Study Guide

Psalm 23 ("The Lord is My Shepherd") Setting

By David


The setting of Psalm 23 is, for the most part, pretty generic, and we don't mean that in a bad way. It follows the patterns of a certain genre: the pastoral poem. The classic pastoral poem is about the good life of being a shepherd in the hills, far from the worries of urban life. They're filled with images of calm, domesticated nature. Where a later Romantic nature poem might have images of violent storms, tossing waves, and wild winds, pastoral poems are calmer; the "green pastures" and "still waters" of line 2 are quite typical. The difference between Psalm 23 and other pastoral poems you might have read is that it was written thousands of years ago, when pretty much everyone led a pastoral life.

The poem's setting takes place in two different imaginative spaces: the outside world and the inner soul. Everything that's described in the real world is really a means of symbolically representing what the speaker feels in his soul. This is why the setting doesn't seem particularly realistic, and in some places it leaps directly into the land of symbolism, with images like, "paths of righteousness" and "the valley of the shadow of death." This last image is surely the most famous and memorable in the poem. It's as if death were an ominous mountain like Mt. Doom, casting its dark shadow on the speaker below.

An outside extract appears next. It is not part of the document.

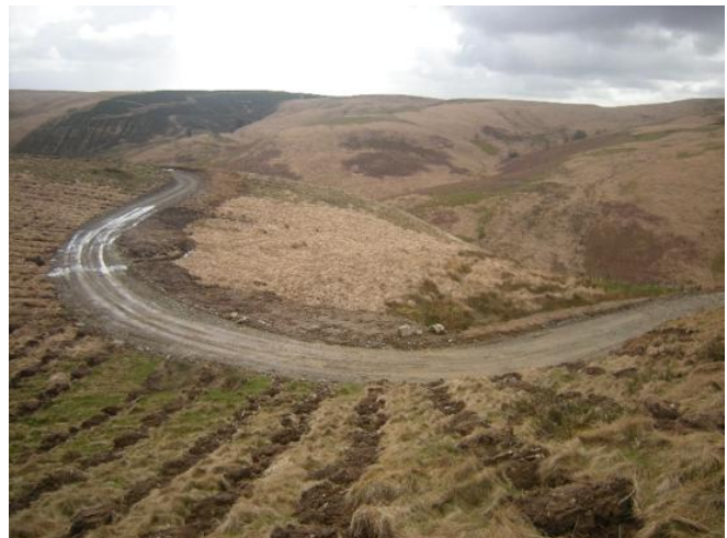
New forestry track above the spring

All the organisations involved contributed to rebuilding the track. Tilhill Forestry and National Grid paid for repairing the damage done by their machines, and EWH paid for improvements to the track. The land-owners Foresight Group contributed roadstone from the on-site quarry beside the track – this enabled considerable savings. The track has been widened and its surface is now cambered to steer water into the ditches at the side. The infamous “steep section”, where cars used to have to drive over bedrock, has been graded out. The track has been improved considerably – in fact some drivers are now driving too fast, and signs are needed to restrict speed. Some new tracks have been built through the forestry, and they open up new walking routes up the hillside.

In the last two lines, the setting shifts completely. Say good-bye to pastoral images and say hello to social ones. The poem provides fleeting glimpses of a rollicking banquet, with the Lord playing host. Any aspiring fiction writers out there should take note of how the poet creates an entire atmosphere of luxury and abundance using a single image: "my cup runneth over." Throughout the psalm, small details like this are stitched together to create a mood of safety, ease, and confidence in the continued blessings of the Lord.